Data analysis is defined as a process of cleaning, transforming, and modeling data to discover useful information for business decision-making. The purpose of Data Analysis is to extract useful information from data and make decisions based upon the data analysis.
If your business is not growing, then you have to look back and acknowledge your mistakes and make a plan again without repeating those mistakes. And even if your business is growing, then you have to look forward to making the business grow more. All you need to do is analyze your business data and business processes.
The Data Analysis Process is nothing but gathering information by using a proper application or tool which allows you to explore the data and find a pattern in it. Based on that information and data, you can make decisions, or you can get ultimate conclusions.
Data Analysis consists of the following phases:
1. Data Requirement Gathering
2. Data Collection
3. Data Cleaning
4. Data Analysis
5. Data Interpretation
6. Data Visualization
There are several types of Data Analysis techniques that exist based on business and technology.

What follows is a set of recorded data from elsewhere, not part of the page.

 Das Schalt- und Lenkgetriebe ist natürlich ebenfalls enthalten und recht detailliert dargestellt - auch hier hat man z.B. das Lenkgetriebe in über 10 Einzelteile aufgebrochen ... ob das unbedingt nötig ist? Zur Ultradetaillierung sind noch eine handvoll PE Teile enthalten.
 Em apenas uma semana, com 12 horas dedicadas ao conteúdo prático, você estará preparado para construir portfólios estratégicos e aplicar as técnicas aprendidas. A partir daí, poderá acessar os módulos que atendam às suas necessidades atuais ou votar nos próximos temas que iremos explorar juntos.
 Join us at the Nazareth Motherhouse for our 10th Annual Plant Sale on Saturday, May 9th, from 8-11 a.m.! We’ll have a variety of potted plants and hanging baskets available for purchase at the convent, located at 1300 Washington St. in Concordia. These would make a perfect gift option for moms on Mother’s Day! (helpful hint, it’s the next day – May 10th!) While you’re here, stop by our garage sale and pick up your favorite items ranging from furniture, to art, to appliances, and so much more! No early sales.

However, the major Data Analysis methods are:
1. Text Analysis: Text Analysis is also referred to as Data Mining. It is one of the methods of data analysis to discover a pattern in large data sets using databases or data mining tools. It is used to transform raw data into business information. Business Intelligence tools are present in the market which are used to make strategic business decisions. Overall it offers a way to extract and examine data and derive patterns and finally interpretation of the data.

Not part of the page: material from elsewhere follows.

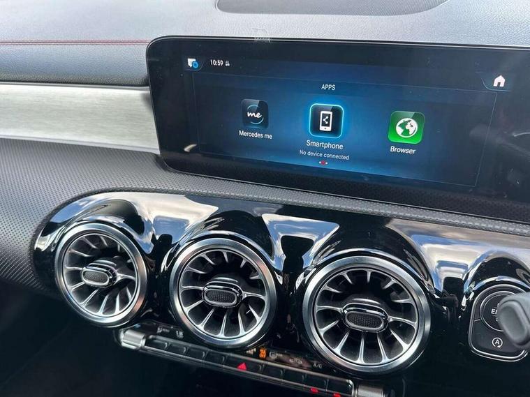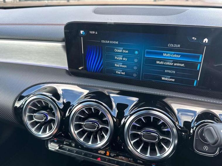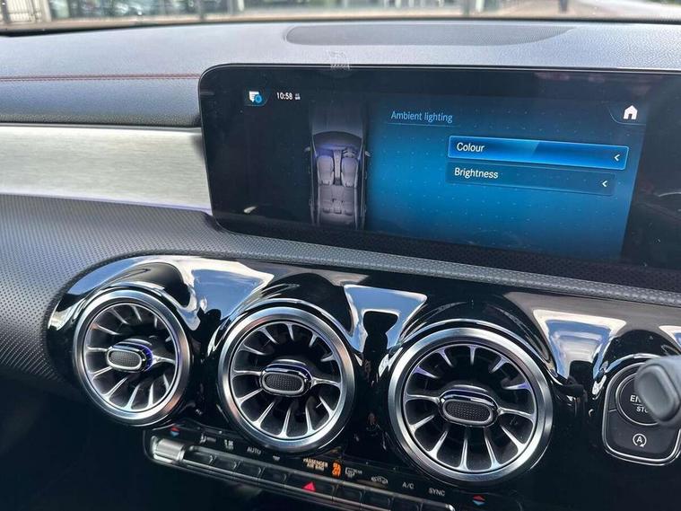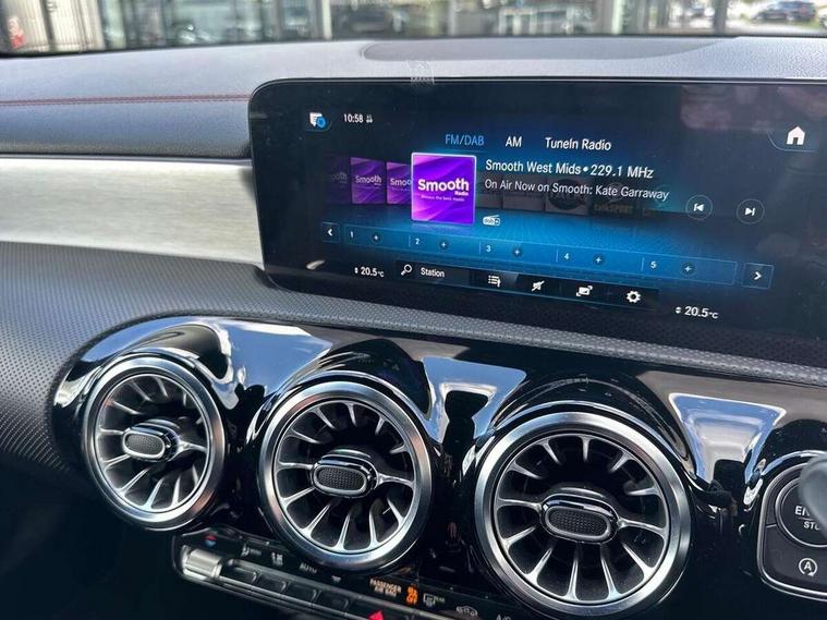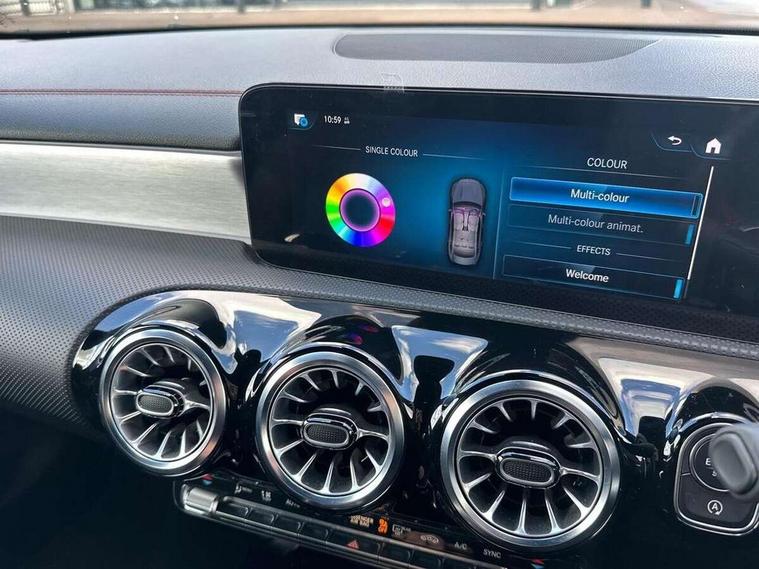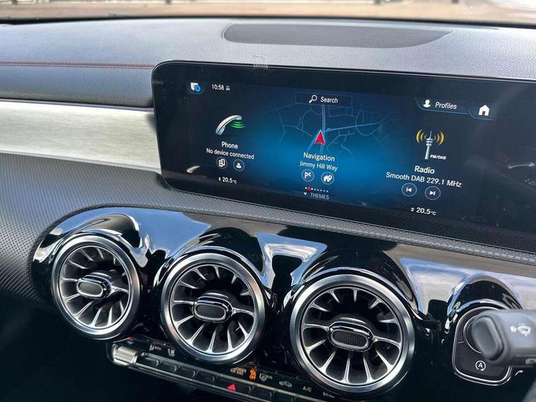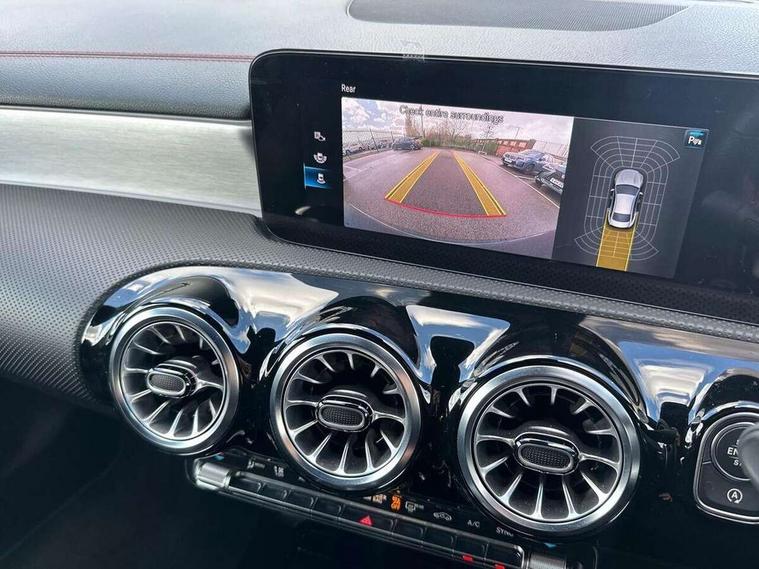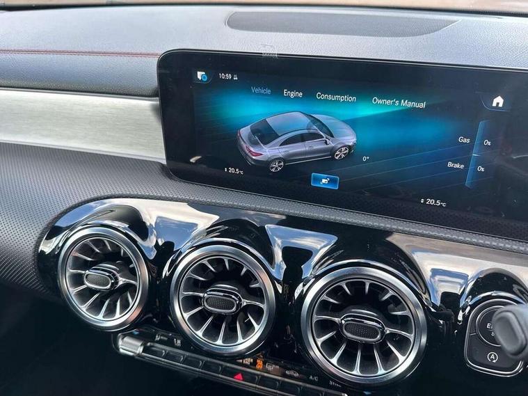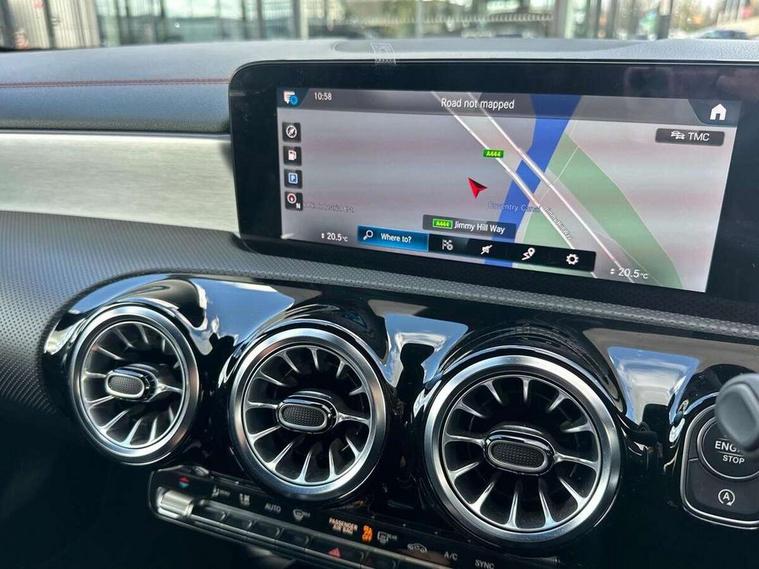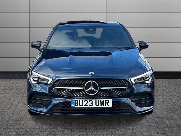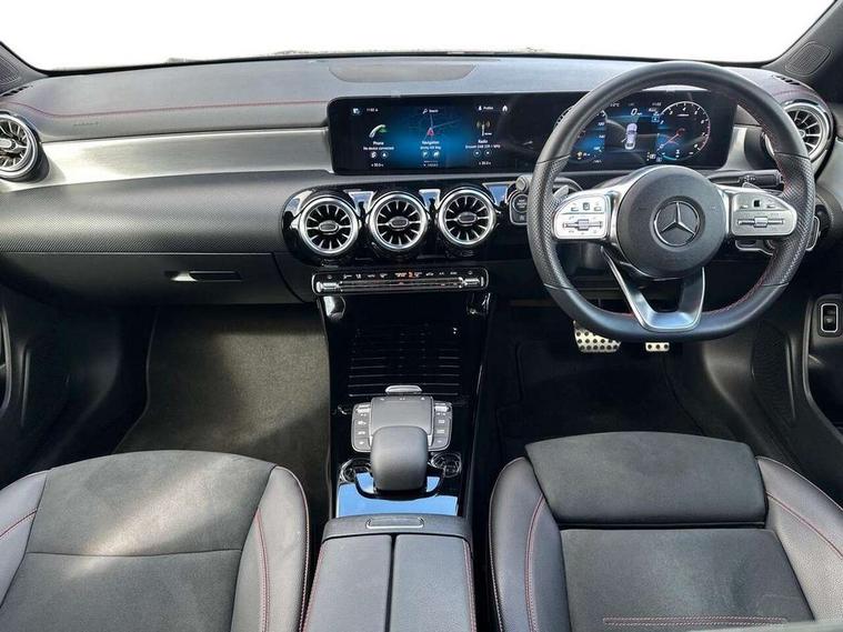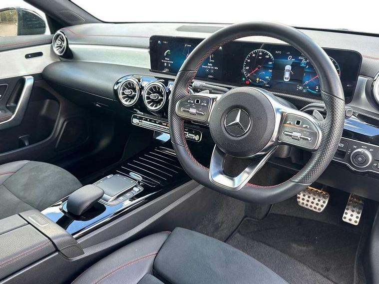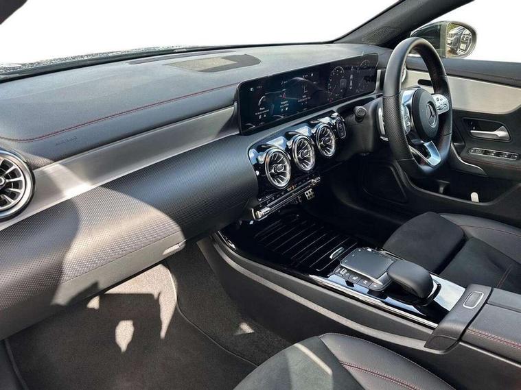 10.25 inch Instrument display with digital cockpit, 10.25 inch touchscreen central media display, Active lane keeping assist, Attention assist - Monitors steering behaviour and long journey fatigue, Bluetooth connection, Car wash mode, Cruise control with limiter, Direct steer system with speed sensitive power steering, DYNAMIC SELECT with a choice of driving modes (ECO, Comfort, Sport and Individual), ECO start/stop function, Fluid level warning indicator for fuel, oil, coolant and washer fluid, Hard-disk navigation, Hey Mercedes Voice activation, Lamp failure indicator, Mercedes me connect including emergency call system, accident recovery, breakdown and maintenance management, Mercedes me remote services, Outside temperature gauge, Owners manual and service booklet in English, Pre-installation of private car share, Preinstallation for Mercedes Benz link, Radio aerial integrated into front and rear windshields, Service indicator (ASSYST), Smartphone integration with Apple CarPlay and Android auto, Speed limit assist, Trip computer in multifunction display with current consumption indicator, Lowered comfort suspension, Rear axle multi-link, DAB digital radio tuner, MBUX multimedia system, Mercedes Benz sound system (100 W) with 6 speakers, USB (type C) ports (2) in stowage compartment and 1 in front of centre console, Adaptive brake lights, AMG body styling with AMG front apron and rear apron and visible exhaust tailpipe in chrome trim elements, AMG bodystyling side skirts, Body colour bumpers, Body colour door handles, Chrome beltline strips, Diamond radiator grille pins in chrome, Electric windows, Electrically adjustable and heated door mirrors with integrated LED indicators, Exhaust system with 2 Visible tailpipe trim elements and rear apron with trim in chrome, Headlamp assist automatic headlamp activation, Heated glass rear windscreen + timer control, High level LED third brake light, Interior mirror with black reading lamps and frameless, LED high performance headlamps with integrated LED daytime running lights, LED tail lamp, Privacy glass with dark tinting on rear side windows and rear window, Rain sensing windscreen wipers with two sensitivity settings, Rear boot, Rear fog lamp, Rear side wing doors, Variable front intermittent wipers, Window line trim strip in chrome, 3 seat bench in 2nd row, 3 spoke flattened bottom nappa leather multifunction steering wheel with perforated leather in grip area, 40:20:40 split folding rear seat backrests, Air conditioning - Two zone thermotronic luxury automatic climate control with display, Air vents with surround in silver chrome, Artico man-made leather upholstery, Automatic child seat recognition sensor, Black roof lining, Brushed stainless steel sports pedals with rubber studs, Floor mats with stitched AMG lettering, Front centre armrest with stowage, Front door sills with Mercedes Benz lettering, Galvanished gear shift paddles on steering wheel, Heated front seats, Illuminated glove compartment stowage, Interior lighting - 64 colour Ambient lighting, Luggage net on driver/front passenger seat backrest, Manually adjustable front seats, Manually height and reach adjustable steering column, Rear head restraints, Single front passenger seat, Sport seats with fixed head restraints, Stowage compartment in centre console with retractable cover, Sunvisors with illuminated vanity mirrors, Touchpad on center console, Twin front cupholders, Two outer rear seat isofix and top tether child seat fixing points, Light and sight pack - CLA, Mirror pack - CLA, Night package - CLA, Parking package - CLA, Seat comfort pack - CLA, Active bonnet pedestrain safety measure which detects an impact and raises bonnet by 65mm, Active brake assist includes forward collision warning system with autonomous braking, Adaptive brake assist with hold function and hill start assist, Anti lock braking system (ABS) with brake assist, Black seat belts, Bonnet with power domes, Brake pad wear warning indicator, Childproof locks manually operated for rear doors and electrically operated for rear power windows, Crash responsive emergency lighting, Driver and front passenger head and sidebags, Driver and front passenger windowbags, Drivers knee airbag, Dual stage driver and front passenger airbags, Electric parking brake, Electronic stability programme with acceleration skid control, ESP curve dynamic assist, Front and rear seatbelt reminder, Front passenger seat occupancy sensor, Three point rear seat belts, Tyre pressure monitoring system, Warning triangle and first aid kit, Guard 360 degree guard vehicle protection system with immobiliser and interior protection, Keyless Go starting function, Remote central locking and crash sensor with emergency opening function, Light aluminium with longitudinal grain interior trim, 18" AMG 5 twin spoke light alloy wheels painted in black with high sheen finish, Summer tyres, Tirefit tyre sealant kit,

2. Diagnostic Analysis: Diagnostic Analysis shows "Why did it happen?" by finding the cause from the insight found in
3. Statistical Analysis. Statistical Analysis shows "What happen?" by using past data in the form of dashboards. Statistical Analysis includes collection, analysis, interpretation, presentation, and modeling of data. It analysis a set of data or a sample of data.

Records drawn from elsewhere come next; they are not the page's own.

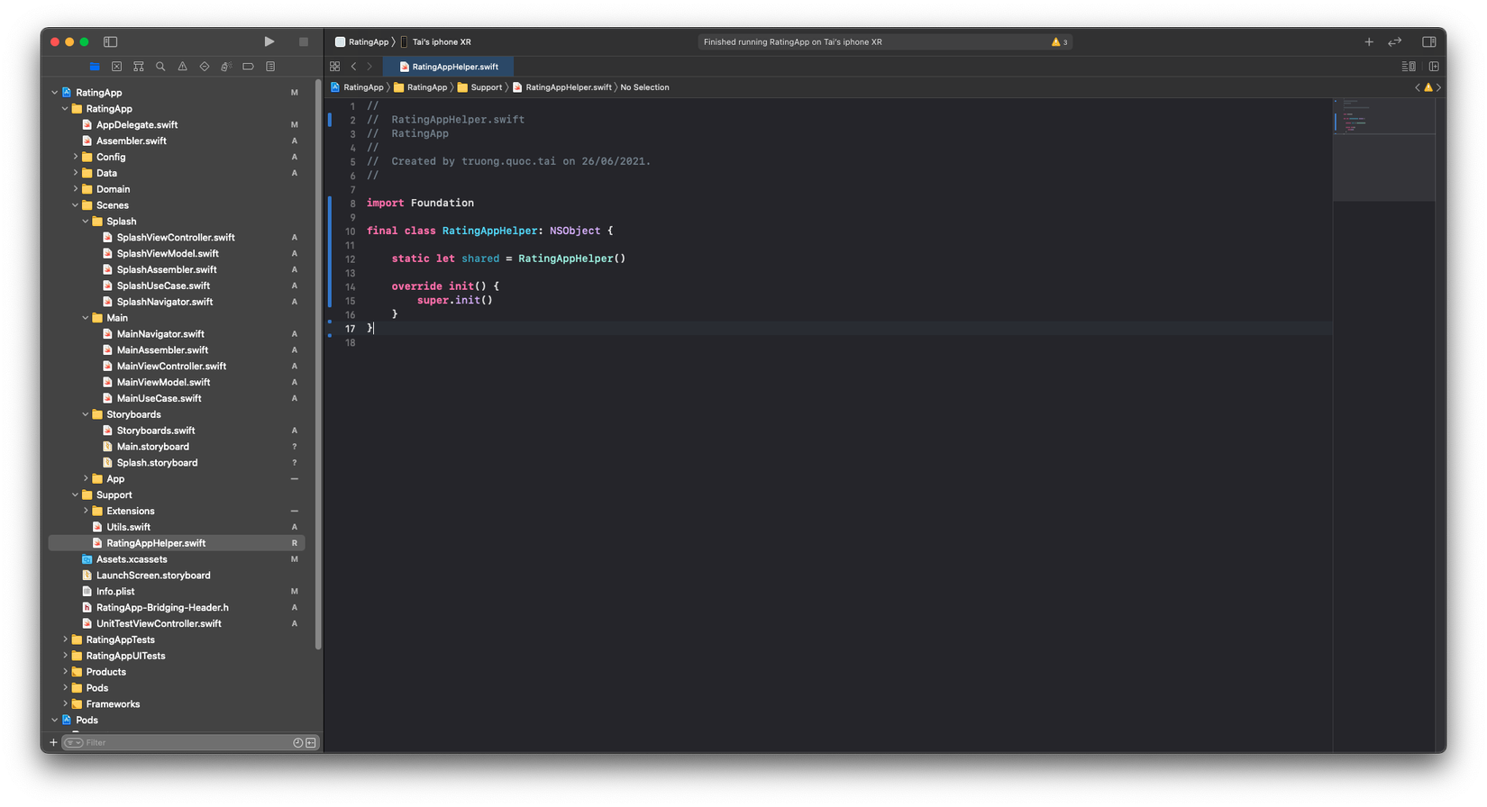 Tạo mới project (trong bài viết đặt tên là RatingApp). Sau đó tạo final class RatingAppHelper.swift và tạo instance cho class này.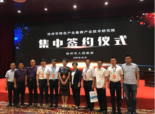 2019年8月9日上午,在沧州市金狮国际酒店,沧州市特色产业集群产业技术研究院集中签约仪式隆重举行。国家技术创新方法与实施工具工程技术研究中心主任檀润华、校工业技术研究院副院长丛继坤、材料学院党委书记尹宗毅、副院长郑士建、材料成型系主任李国禄、成型系教授刘金海、付彬国博士等一行出席了签约仪式。在河北省科技厅党组书记、厅长马宇骏、沧州市委书记杨慧、市长梅世彤、kaiyun体育官网登录入口原副校长檀润华等领导的见证下,郑士建教授代表材料学院与泊头市人民政府市长张荣霞签定共建协议。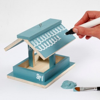 Kit de material para montar un comedero para pájaros de madera clara. Incluye instrucciones.Ficha técnica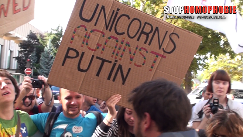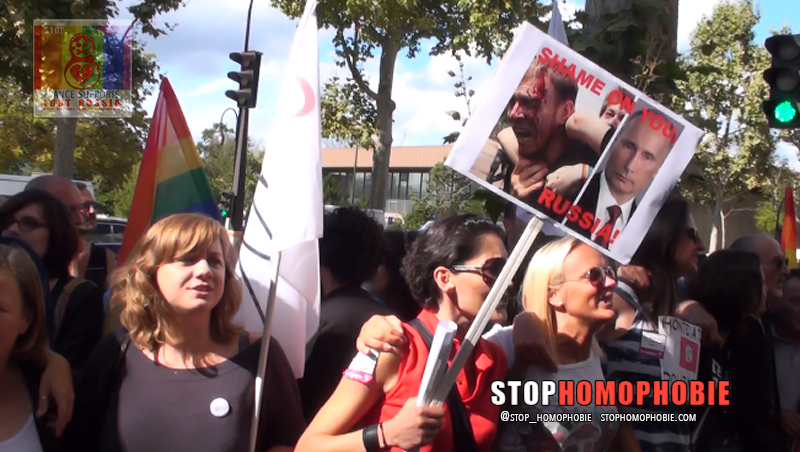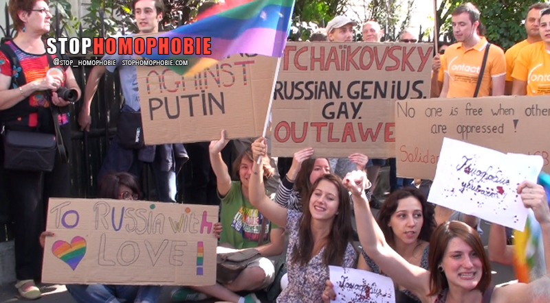 Des dizaines de couples de même sexe se sont embrassés dimanche devant l’ambassade de Russie à Paris pour dénoncer une loi russe « homophobe » et « régressive », promulguée fin juin par Vladimir Poutine.

4. Predictive Analysis : Predictive Analysis: This Analysis makes predictions about future outcomes based on current or past data. Forecasting is just an estimate. Its accuracy is based on how much detailed information you have and how much you dig into it.
5. Prescriptive Analysis: Prescriptive Analysis combines the insight from all previous Analysis to determine which action to take in a current problem or decision. Most data-driven companies are utilizing Prescriptive Analysis because predictive and descriptive Analysis is not enough to improve data performance. Based on current situations and problems, they analyze the data and make decisions.